== WHAT THE TASK REQUIRES ==
Could you retype all of the entries below word for word?
═════ MATERIAL PROVIDED
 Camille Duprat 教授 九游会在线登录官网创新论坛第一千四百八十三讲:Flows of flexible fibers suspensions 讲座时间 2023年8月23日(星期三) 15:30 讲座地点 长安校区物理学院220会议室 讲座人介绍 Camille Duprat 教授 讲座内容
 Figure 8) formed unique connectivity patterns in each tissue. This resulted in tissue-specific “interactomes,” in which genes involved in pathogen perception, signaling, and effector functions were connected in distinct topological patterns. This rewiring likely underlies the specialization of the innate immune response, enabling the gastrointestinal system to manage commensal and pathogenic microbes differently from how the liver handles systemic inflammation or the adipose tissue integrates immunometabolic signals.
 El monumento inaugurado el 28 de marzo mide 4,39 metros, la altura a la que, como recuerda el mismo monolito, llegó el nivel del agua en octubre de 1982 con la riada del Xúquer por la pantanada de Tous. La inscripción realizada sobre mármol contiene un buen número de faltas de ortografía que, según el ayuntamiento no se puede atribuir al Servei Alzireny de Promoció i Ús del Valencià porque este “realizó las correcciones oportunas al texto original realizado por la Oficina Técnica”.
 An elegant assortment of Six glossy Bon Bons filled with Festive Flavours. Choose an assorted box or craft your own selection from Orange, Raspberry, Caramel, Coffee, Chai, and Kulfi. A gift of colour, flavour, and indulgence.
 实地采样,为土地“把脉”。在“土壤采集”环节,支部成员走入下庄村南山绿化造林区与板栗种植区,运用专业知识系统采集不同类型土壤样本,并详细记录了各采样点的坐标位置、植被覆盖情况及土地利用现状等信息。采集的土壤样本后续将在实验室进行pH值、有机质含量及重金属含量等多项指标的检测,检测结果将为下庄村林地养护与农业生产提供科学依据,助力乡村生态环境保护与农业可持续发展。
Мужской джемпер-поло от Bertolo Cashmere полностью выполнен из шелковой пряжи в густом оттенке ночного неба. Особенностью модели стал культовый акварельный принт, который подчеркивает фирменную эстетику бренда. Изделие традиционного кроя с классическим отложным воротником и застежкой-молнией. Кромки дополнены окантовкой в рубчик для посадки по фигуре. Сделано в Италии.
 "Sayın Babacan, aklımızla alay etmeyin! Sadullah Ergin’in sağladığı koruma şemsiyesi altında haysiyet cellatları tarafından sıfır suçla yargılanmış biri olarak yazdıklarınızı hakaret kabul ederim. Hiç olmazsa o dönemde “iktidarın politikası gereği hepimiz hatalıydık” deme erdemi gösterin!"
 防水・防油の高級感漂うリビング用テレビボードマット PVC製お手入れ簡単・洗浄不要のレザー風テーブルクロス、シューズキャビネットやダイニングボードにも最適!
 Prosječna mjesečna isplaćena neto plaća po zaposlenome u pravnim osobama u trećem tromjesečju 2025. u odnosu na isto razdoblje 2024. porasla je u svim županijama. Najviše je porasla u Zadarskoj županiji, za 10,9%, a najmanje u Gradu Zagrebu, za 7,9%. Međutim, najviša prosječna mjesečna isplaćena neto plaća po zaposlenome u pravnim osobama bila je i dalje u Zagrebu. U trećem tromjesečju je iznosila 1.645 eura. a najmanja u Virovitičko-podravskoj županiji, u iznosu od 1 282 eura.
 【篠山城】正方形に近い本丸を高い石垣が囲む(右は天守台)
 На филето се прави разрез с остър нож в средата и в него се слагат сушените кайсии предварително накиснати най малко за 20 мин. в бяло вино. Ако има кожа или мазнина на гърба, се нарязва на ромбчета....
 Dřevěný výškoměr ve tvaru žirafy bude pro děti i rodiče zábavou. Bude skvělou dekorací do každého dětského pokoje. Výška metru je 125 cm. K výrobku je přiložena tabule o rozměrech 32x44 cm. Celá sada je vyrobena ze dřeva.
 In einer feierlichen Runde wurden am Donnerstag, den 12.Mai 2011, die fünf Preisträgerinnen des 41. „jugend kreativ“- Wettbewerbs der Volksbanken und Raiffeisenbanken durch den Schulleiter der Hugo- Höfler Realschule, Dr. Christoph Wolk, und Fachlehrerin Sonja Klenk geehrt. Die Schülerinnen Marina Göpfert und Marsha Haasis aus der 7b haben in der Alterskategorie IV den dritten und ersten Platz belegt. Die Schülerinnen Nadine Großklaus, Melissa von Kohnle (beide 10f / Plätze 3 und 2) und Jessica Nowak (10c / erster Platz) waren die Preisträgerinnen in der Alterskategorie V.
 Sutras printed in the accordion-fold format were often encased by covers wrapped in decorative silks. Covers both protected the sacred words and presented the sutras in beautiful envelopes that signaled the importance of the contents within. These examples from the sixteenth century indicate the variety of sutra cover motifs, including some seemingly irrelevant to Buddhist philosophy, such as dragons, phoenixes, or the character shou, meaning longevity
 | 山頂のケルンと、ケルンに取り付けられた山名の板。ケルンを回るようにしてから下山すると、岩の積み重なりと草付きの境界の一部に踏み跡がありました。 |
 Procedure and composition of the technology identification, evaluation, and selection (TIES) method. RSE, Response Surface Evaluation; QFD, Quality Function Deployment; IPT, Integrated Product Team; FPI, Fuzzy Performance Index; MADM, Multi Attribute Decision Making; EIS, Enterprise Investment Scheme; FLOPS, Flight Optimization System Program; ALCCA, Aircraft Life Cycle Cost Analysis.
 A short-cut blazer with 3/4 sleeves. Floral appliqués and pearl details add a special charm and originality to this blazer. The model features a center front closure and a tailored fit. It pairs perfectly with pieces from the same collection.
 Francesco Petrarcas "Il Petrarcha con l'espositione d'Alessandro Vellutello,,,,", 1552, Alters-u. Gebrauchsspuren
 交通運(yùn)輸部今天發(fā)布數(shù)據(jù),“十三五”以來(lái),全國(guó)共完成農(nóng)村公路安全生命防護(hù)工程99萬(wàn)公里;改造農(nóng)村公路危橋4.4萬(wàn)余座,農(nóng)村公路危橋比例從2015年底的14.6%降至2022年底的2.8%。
══════════
== RESULT OF THE TASK ==
 Camille Duprat 教授 九游会在线登录官网创新论坛第一千四百八十三讲:Flows of flexible fibers suspensions 讲座时间 2023年8月23日(星期三) 15:30 讲座地点 长安校区物理学院220会议室 讲座人介绍 Camille Duprat 教授 讲座内容
 Figure 8) formed unique connectivity patterns in each tissue. This resulted in tissue-specific “interactomes,” in which genes involved in pathogen perception, signaling, and effector functions were connected in distinct topological patterns. This rewiring likely underlies the specialization of the innate immune response, enabling the gastrointestinal system to manage commensal and pathogenic microbes differently from how the liver handles systemic inflammation or the adipose tissue integrates immunometabolic signals.
 El monumento inaugurado el 28 de marzo mide 4,39 metros, la altura a la que, como recuerda el mismo monolito, llegó el nivel del agua en octubre de 1982 con la riada del Xúquer por la pantanada de Tous. La inscripción realizada sobre mármol contiene un buen número de faltas de ortografía que, según el ayuntamiento no se puede atribuir al Servei Alzireny de Promoció i Ús del Valencià porque este “realizó las correcciones oportunas al texto original realizado por la Oficina Técnica”.
 An elegant assortment of Six glossy Bon Bons filled with Festive Flavours. Choose an assorted box or craft your own selection from Orange, Raspberry, Caramel, Coffee, Chai, and Kulfi. A gift of colour, flavour, and indulgence.
 实地采样,为土地“把脉”。在“土壤采集”环节,支部成员走入下庄村南山绿化造林区与板栗种植区,运用专业知识系统采集不同类型土壤样本,并详细记录了各采样点的坐标位置、植被覆盖情况及土地利用现状等信息。采集的土壤样本后续将在实验室进行pH值、有机质含量及重金属含量等多项指标的检测,检测结果将为下庄村林地养护与农业生产提供科学依据,助力乡村生态环境保护与农业可持续发展。
Мужской джемпер-поло от Bertolo Cashmere полностью выполнен из шелковой пряжи в густом оттенке ночного неба. Особенностью модели стал культовый акварельный принт, который подчеркивает фирменную эстетику бренда. Изделие традиционного кроя с классическим отложным воротником и застежкой-молнией. Кромки дополнены окантовкой в рубчик для посадки по фигуре. Сделано в Италии.
 "Sayın Babacan, aklımızla alay etmeyin! Sadullah Ergin’in sağladığı koruma şemsiyesi altında haysiyet cellatları tarafından sıfır suçla yargılanmış biri olarak yazdıklarınızı hakaret kabul ederim. Hiç olmazsa o dönemde “iktidarın politikası gereği hepimiz hatalıydık” deme erdemi gösterin!"
 防水・防油の高級感漂うリビング用テレビボードマット PVC製お手入れ簡単・洗浄不要のレザー風テーブルクロス、シューズキャビネットやダイニングボードにも最適!
 Prosječna mjesečna isplaćena neto plaća po zaposlenome u pravnim osobama u trećem tromjesečju 2025. u odnosu na isto razdoblje 2024. porasla je u svim županijama. Najviše je porasla u Zadarskoj županiji, za 10,9%, a najmanje u Gradu Zagrebu, za 7,9%. Međutim, najviša prosječna mjesečna isplaćena neto plaća po zaposlenome u pravnim osobama bila je i dalje u Zagrebu. U trećem tromjesečju je iznosila 1.645 eura. a najmanja u Virovitičko-podravskoj županiji, u iznosu od 1 282 eura.
 【篠山城】正方形に近い本丸を高い石垣が囲む(右は天守台)
 На филето се прави разрез с остър нож в средата и в него се слагат сушените кайсии предварително накиснати най малко за 20 мин. в бяло вино. Ако има кожа или мазнина на гърба, се нарязва на ромбчета....
 Dřevěný výškoměr ve tvaru žirafy bude pro děti i rodiče zábavou. Bude skvělou dekorací do každého dětského pokoje. Výška metru je 125 cm. K výrobku je přiložena tabule o rozměrech 32x44 cm. Celá sada je vyrobena ze dřeva.
 In einer feierlichen Runde wurden am Donnerstag, den 12.Mai 2011, die fünf Preisträgerinnen des 41. „jugend kreativ“- Wettbewerbs der Volksbanken und Raiffeisenbanken durch den Schulleiter der Hugo- Höfler Realschule, Dr. Christoph Wolk, und Fachlehrerin Sonja Klenk geehrt. Die Schülerinnen Marina Göpfert und Marsha Haasis aus der 7b haben in der Alterskategorie IV den dritten und ersten Platz belegt. Die Schülerinnen Nadine Großklaus, Melissa von Kohnle (beide 10f / Plätze 3 und 2) und Jessica Nowak (10c / erster Platz) waren die Preisträgerinnen in der Alterskategorie V.
 Sutras printed in the accordion-fold format were often encased by covers wrapped in decorative silks. Covers both protected the sacred words and presented the sutras in beautiful envelopes that signaled the importance of the contents within. These examples from the sixteenth century indicate the variety of sutra cover motifs, including some seemingly irrelevant to Buddhist philosophy, such as dragons, phoenixes, or the character shou, meaning longevity
 | 山頂のケルンと、ケルンに取り付けられた山名の板。ケルンを回るようにしてから下山すると、岩の積み重なりと草付きの境界の一部に踏み跡がありました。 |
 Procedure and composition of the technology identification, evaluation, and selection (TIES) method. RSE, Response Surface Evaluation; QFD, Quality Function Deployment; IPT, Integrated Product Team; FPI, Fuzzy Performance Index; MADM, Multi Attribute Decision Making; EIS, Enterprise Investment Scheme; FLOPS, Flight Optimization System Program; ALCCA, Aircraft Life Cycle Cost Analysis.
 A short-cut blazer with 3/4 sleeves. Floral appliqués and pearl details add a special charm and originality to this blazer. The model features a center front closure and a tailored fit. It pairs perfectly with pieces from the same collection.
 Francesco Petrarcas "Il Petrarcha con l'espositione d'Alessandro Vellutello,,,,", 1552, Alters-u. Gebrauchsspuren
 交通運(yùn)輸部今天發(fā)布數(shù)據(jù),“十三五”以來(lái),全國(guó)共完成農(nóng)村公路安全生命防護(hù)工程99萬(wàn)公里;改造農(nóng)村公路危橋4.4萬(wàn)余座,農(nóng)村公路危橋比例從2015年底的14.6%降至2022年底的2.8%。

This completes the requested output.